As we watch the world debate how best to address climate change, and as carbon emissions continue to soar, at least one climate strategy strikes me as a “no-brainer.” We should do everything we can to save the world’s forests.
There are many good reasons for protecting forests, from their intrinsic beauty to their ecologic and economic values. Tropical forests are storehouses of biodiversity, harboring more than one-half of the Earth’s known plants and animal species. And nearly 1 billion people worldwide directly depend on forest resources — fiber, fuel, food and clean water — for their livelihoods and well-being.
Forest destruction produces about 15 percent of the world’s manmade global carbon emissions — more carbon pollution than the entire global transportation sector. It is the primary source of emissions in two of the top five carbon-emitting countries: Brazil and Indonesia. Forests function as a natural air conditioner, pulling carbon from the atmosphere while cleaning and cooling our air. Yet each year more than 32 million acres of the world’s forests are destroyed — an area about the size of New York state.
The figures speak for themselves. When done right, reducing emissions from deforestation and forest degradation (known as “REDD+” in policymakers’ jargon) can be a triple win for nature, people and our world’s climate.
But REDD+ does have its critics. As head of The Nature Conservancy, it’s easy for me to explain why my organization wants to reduce deforestation. However, some question why we support another part of the REDD+ equation — improving forest management for the sustainable harvesting of wood. Why create incentives for cutting down trees?
Again, let’s turn to the numbers. Destructive logging practices, many of them illegal, are one of the most serious drivers of forest loss and resulting emissions. Research has shown that that transitioning from destructive logging to low-impact harvesting practices can reduce damage to forests and lower carbon emissions by 30-50% while delivering the same supply of timber.

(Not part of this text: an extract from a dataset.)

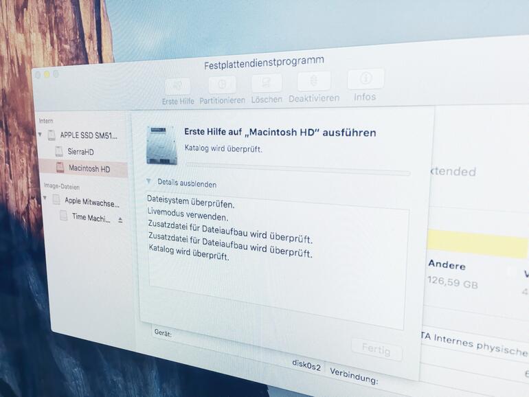 In manchen Fällen hilft auch das Festplattendienstprogramm einfach nicht mehr weiter. In unserem Fall wollten wir die Macintosh HD nachträglich partitionieren. Dabei stießen wir stets auf den Fehler „Exit-Code für Dateisystemprüfung lautet 8“. Auch eine Reparatur über die "Erste Hilfe"-Funktion war leider nicht möglich. Daher konnte uns nur noch der Single User Mode und das Command Line Tool „fsck“ helfen. Dieses ist standardmäßig auf jedem Mac vorinstalliert und nur über einen Command-Line-Befehl abrufbar. Es klingt allerdings komplizierter, als es in Wahrheit ist.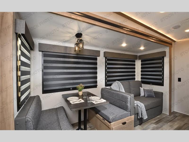 You will experience luxurious camping trips at an affordable price with any one of these Forest River Sabre fifth wheels! These models are durable and ready to travel anytime of the year thanks to features like the high-gloss gel-coat front cap with LED lighting, the PVC roof membrane, and the forced air underbelly with enclosed gate valves. The electric auto-leveling system makes setting up easy and safe, and the adjustable power awning with LED lighting will create an inviting outdoor living space. Each model includes a universal docking station which includes a black tank flush and an outside shower, and detachable and adjustable stable steps for you to enter and exit the unit safely. Inside, you will love the design of the ambient accent lighting above the crown molding in the living area, the real wood lumbercore cabinetry, and the vintage gaslight decorative lighting!

Simply put, better forestry can be good for our climate.
In addition, encouraging smart replanting where logging has already occurred is an important part of keeping forests viable in the long term — for local communities, forest-dwelling species and future generations.
Finally, we also recognize that forestry activities today sustain millions of jobs around the world and provide people with wood and paper products. Recycling and development of non-timber alternatives can — and should — reduce demand for these goods, but well-managed forests and plantations also play an important role. They can provide a reliable, sustainable supply of paper and wood while diverting pressure away from pristine lands that contain the highest amount of carbon and serve as homes for endangered species and indigenous communities. And many of the world’s best-quality forests are managed by indigenous communities, who tend their land in low-impact ways while relying on its bounty for their livelihoods.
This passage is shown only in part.